A: Stress can involve many emotions, not only sadness. C: Not all stress experiences are joyful. D: Stress is situational, not an inherent trait.
Q53. What does the term “homeostasis” mean in the context of stress and health?
A) Feeling highly driven due to pressure
B) A balanced internal state maintained by the body
C) Running away from difficult tasks
D) Increasing stress to improve performance
Answer – B) A balanced internal state maintained by the body
Explanation: Homeostasis is the body’s process of keeping internal systems stable and in balance, which is disrupted under prolonged stress.
A: Motivation and homeostasis are separate concepts. C: Avoidance behavior doesn’t define homeostasis. D: Stress reduction is key to restoring balance, not increasing it.
Q54. What is meant by a “life challenge” in psychological terms?
A) Only physical illnesses
B) Achievements in academics
C) Situations that demand more than what a person can easily manage
D) Circumstances that always bring positive growth
Answer – C) Situations that demand more than what a person can easily manage
Explanation: A life challenge refers to any situation that pushes a person’s coping resources to the limit, such as personal loss, transitions, or intense pressure.

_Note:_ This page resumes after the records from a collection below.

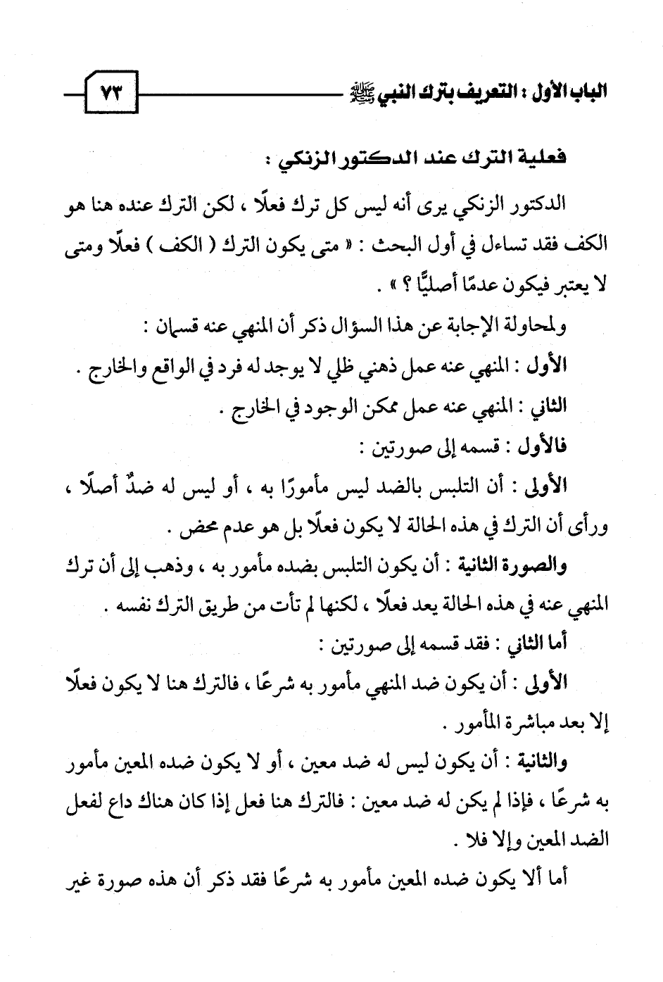 الدكتوو الزنكي يرى أنه ليس كل ترك فعلاً، لكن الترك عنده هنا هو الكف فقد تساءل في أول البحث: "متى يكون الترك (الكف) فعلاً ومتى لا يعتبر فيكلون عدمًا أصليًا؟ ".
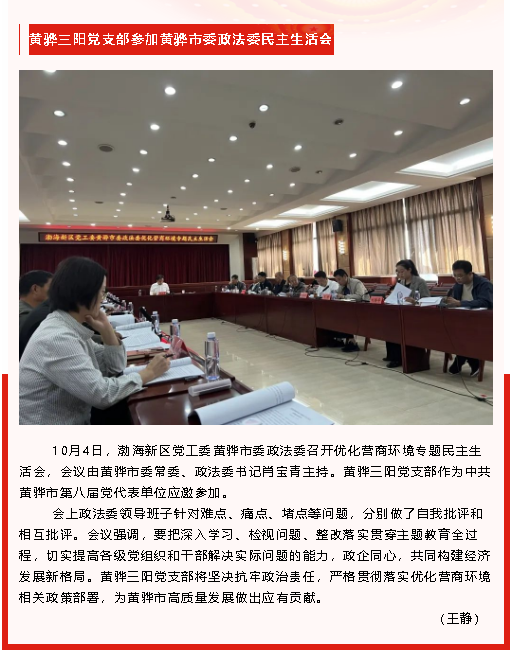 【黨建】集團(tuán)黨委開展9月份黨建工作督查、黃驊三陽黨支部參加黃驊市委政法委民主生活會
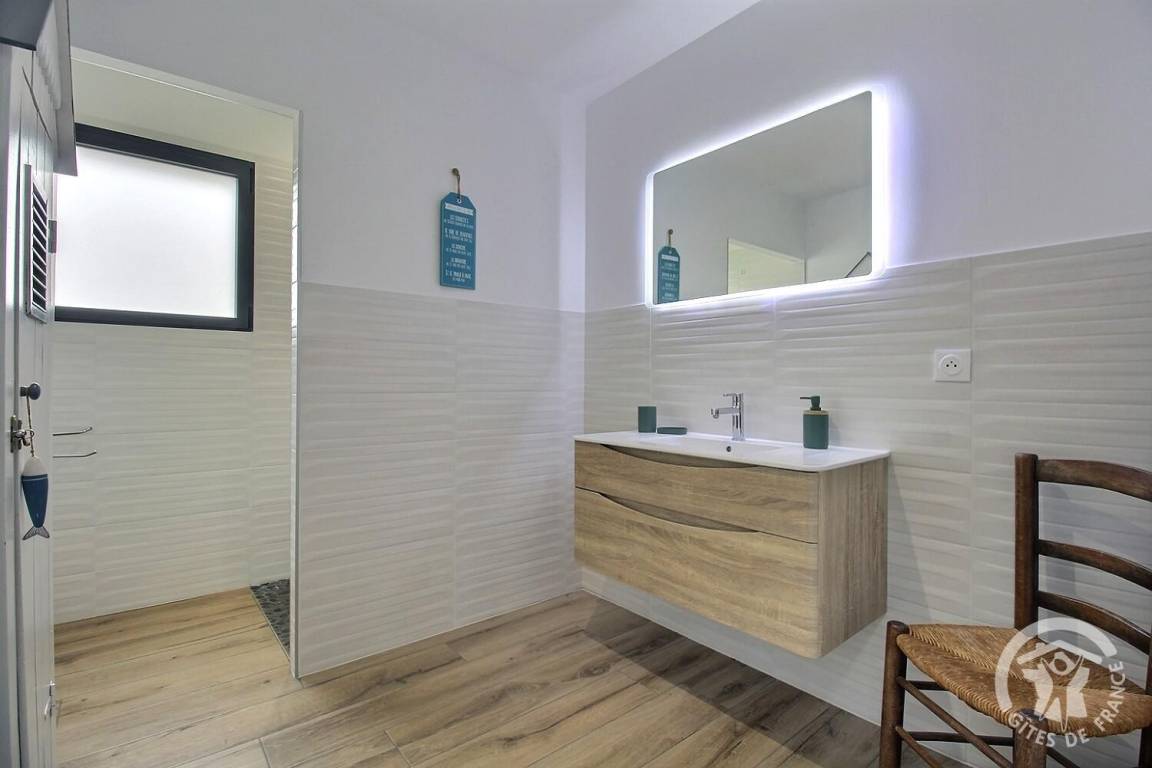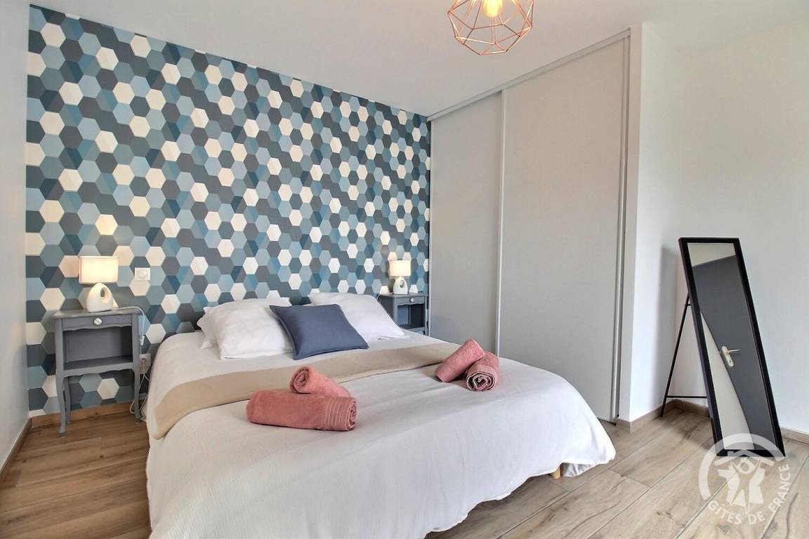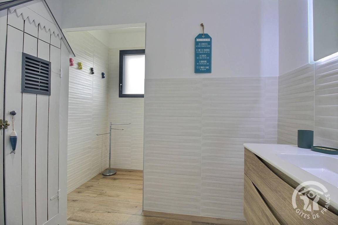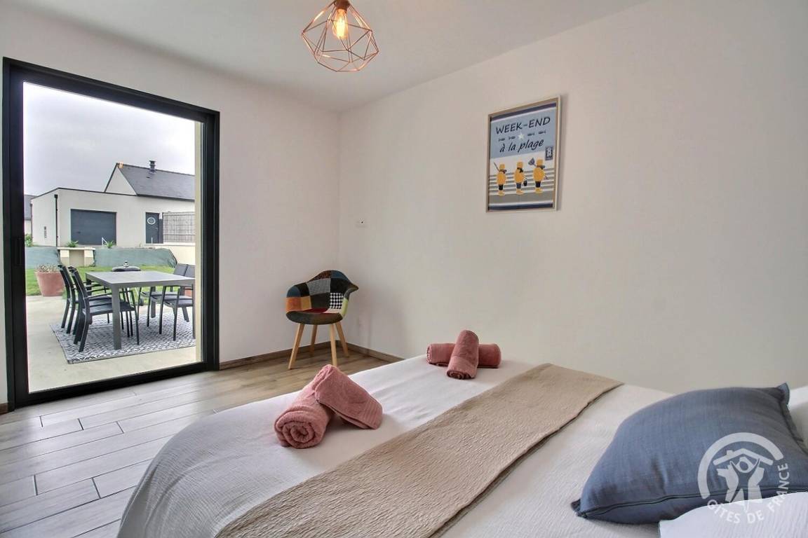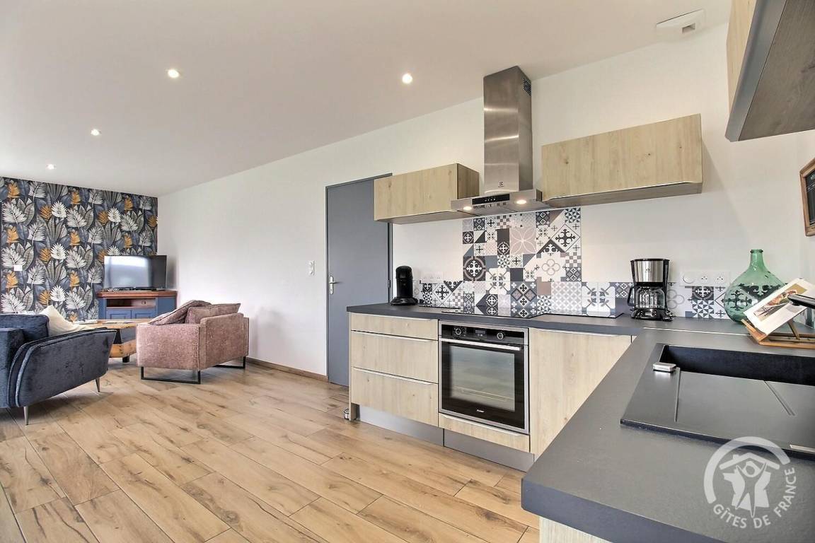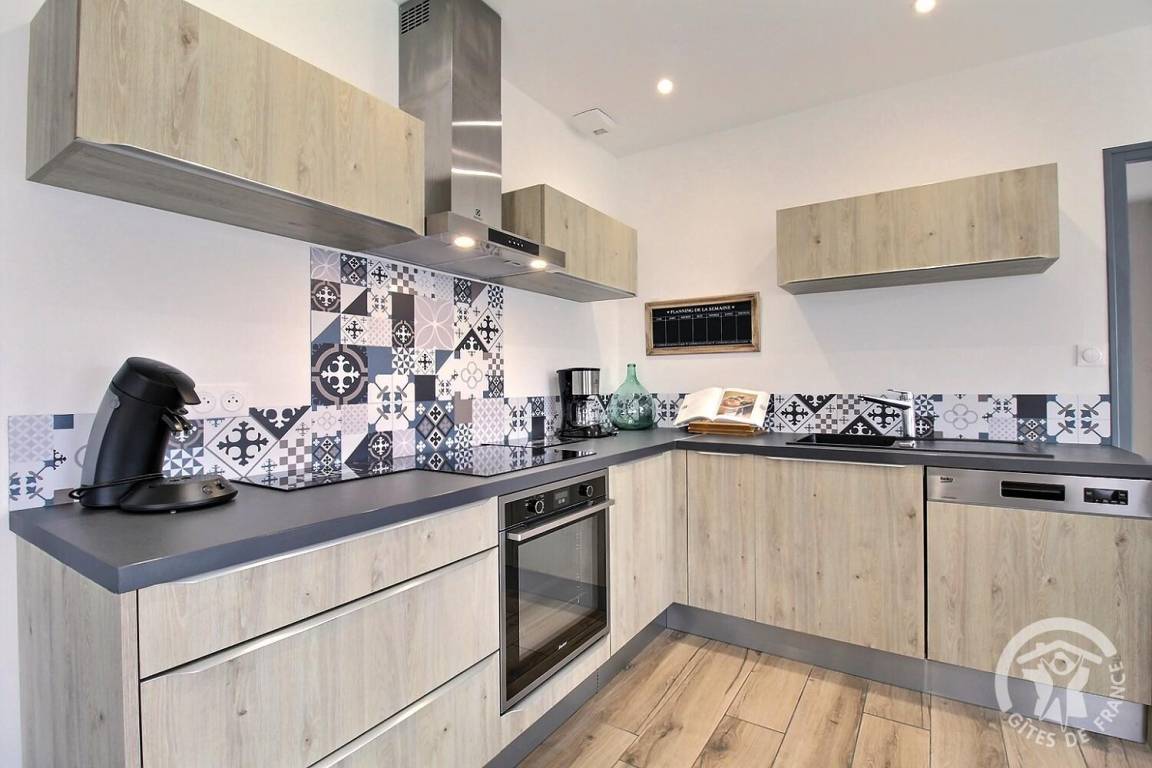 Ihre Ferienwohnung umfasst auf einer Ebene: ein großes Wohnzimmer mit Küchenzeile, eine Speisekammer/Waschküche (mit Kühlschrank mit Gefrierfach, Waschmaschine), 3 Schlafzimmer (1 Doppelbett 140X190) (1 Doppelbett 160X200) (2 Einzelbetten 80X200). kann auf vorherige Anfrage bei den Eigentümern kombiniert werden), ein Badezimmer mit großer italienischer Dusche und Waschbecken, eine separate Toilette. Babyausstattung auf Anfrage. Auf einem Grundstück von 609 m², unabhängiges, modernes Haus mit zementierter Terrasse von 15 m² nach Südwesten, Garten in Fertigstellung.
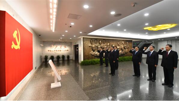 当天上午,习近平带领李克强、栗战书、汪洋、王沪宁、赵乐际、韩正,从北京乘专机来到上海,到兴业路76号集体瞻仰中共一大会址;
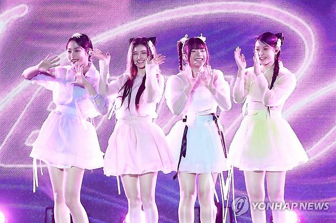 (서울=연합뉴스) 진연수 기자 = 그룹 뉴진스가 21일 오후 서울 경복궁 흥례문 광장에서 국가유산청 출범을 기념해 열린 '2024 코리아 온 스테이지 - 뉴 제레이션' 공연에서 무대를 선보이고 있다. 2024.5.21
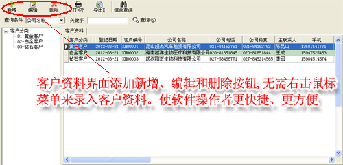 2.客戶(hù)資料界面放了新增,編輯和刪除按鈕,無(wú)需右擊鼠標(biāo)菜單來(lái)錄入客戶(hù)資料,使軟件操作者更快捷、更方便;
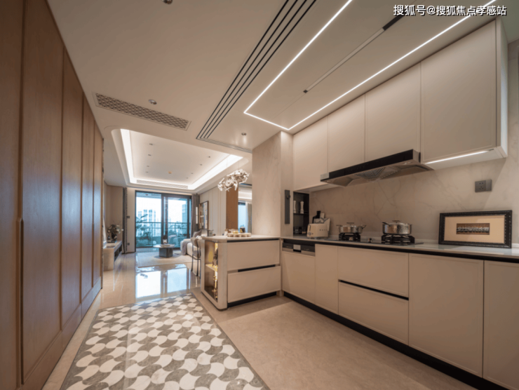 其一,半开放式厨房,结合客餐厅阳台一体化设计,当你站在厨房,视线无遮挡直接触达阳台,甚至直抵外面景观。
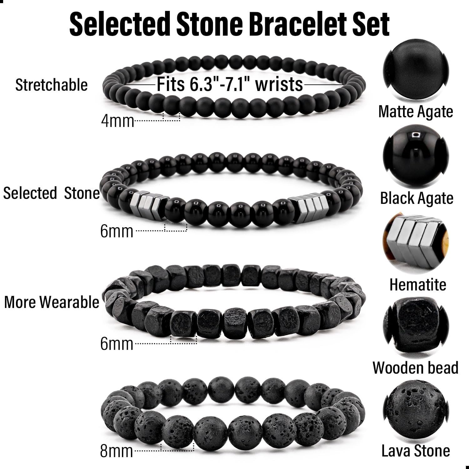 Men’s Hematite Bracelet Set Boho Multi – Tiger Eye/Matte Agate/Lava Rock Gifts for Birthday/Anniversary/Christmas
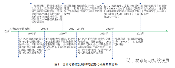 作为1992年首届世界环境发展大会的举办地,巴西高度重视可持续发展与气候变化工作,积极制定和实施了一系列应对气候变化的政策与行动(图1),推动温室气体减排进程取得新进展。巴西的气候变化政策和立场经历了三个阶段:拒绝和抵制阶段(1972—1989年)、建设性参与阶段(1990—2003年)、积极推动阶段(2003年至今)。在这三个阶段中,巴西对气候变化问题的认知、国内应对政策和国际谈判立场都出现不同的变化,表现为从消极参与向积极推动转变的过程。
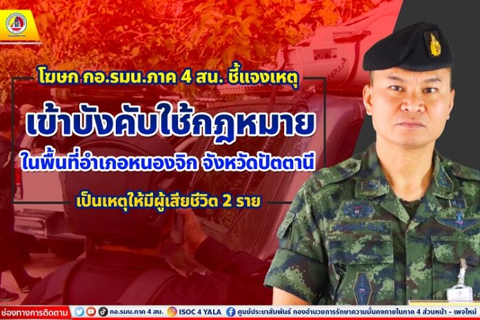 พันเอก เกียรติศักดิ์ ณีวงษ์ โฆษกกองอำนวยการรักษาความมั่นคงภายในภาค 4 ส่วนหน้า ชี้แจงเหตุการณ์เจ้าหน้าที่เข้าบังคับใช้กฎหมาย เมื่อช่วงเช้าวันที่ 16 สิงหาคม 2566 เวลา 04.00 น. หน่วยปฏิบัติการพิเศษร่วมปัตตานี ได้สนธิกำลัง 3 ฝ่าย เข้าบังคับใช้กฎหมายในพื้นที่ หมู่ที่ 6 บ้านปาแต ตำบลท่ากำชำ อำเภอหนองจิก จังหวัดปัตตานี หลังได้รับแจ้งเบาะแสจากประชาชนว่ามีกลุ่มผู้ก่อเหตุรุนแรงเข้ามาหลบซ่อนเพื่อเตรียมก่อเหตุในพื้นที่ดังกล่าว ทั้งนี้ในขั้นตอนการปฏิบัติ พลโท ศานติ ศกุนตนาค แม่ทัพภาคที่ 4 / ผู้อำนวยการรักษาความมั่นคงภายในภาค 4 ได้กำชับให้เจ้าหน้าที่ปฏิบัติงานด้วยความโปร่งใส เน้นการดำเนินการจากเบาไปหาหนัก และคำนึงถึงสิทธิมนุษยชนให้มากที่สุด รวมทั้งใช้ความพยายามในการเจรจาเกลี้ยกล่อมให้คนร้ายยอมออกมามอบตัวเพื่อต่อสู้ตามหลักกฎหมาย โดยเจ้าหน้าที่ได้ขอความร่วมมือผู้นำท้องที่ ผู้นำท้องถิ่น ผู้นำศาสนา และเครือญาติ ในการเป็นผู้ช่วยเจรจาเกลี้ยกล่อมให้คนร้ายที่หลบซ่อนอยู่ภายในบ้านออกมามอบตัว แต่ไม่เป็นผล เนื่องจากผู้ก่อเหตุรุนแรงได้เปิดฉากยิงใส่เจ้าหน้าที่ พร้อมทั้งพยายามวิ่งฝ่าวงล้อมเพื่อหลบหนี จึงเกิดการยิงต่อสู้กันขึ้น

A: Challenges are broader than just health issues. B: Achievements are not inherently stress-inducing. D: Challenges can lead to growth but not always.
Q55. What plays the biggest role in how a person reacts to a difficult situation?
A) Their blood pressure
B) How much rest they got
C) Their interpretation of the situation
D) Their monthly earnings
Answer – C) Their interpretation of the situation
Explanation: A person’s cognitive appraisal, or how they evaluate a situation, strongly influences how stressful it feels and how they cope with it.
A: Physical signs follow stress, not define perception. B: Sleep helps but isn’t the primary factor in appraisal. D: Money affects resources, but not internal evaluation.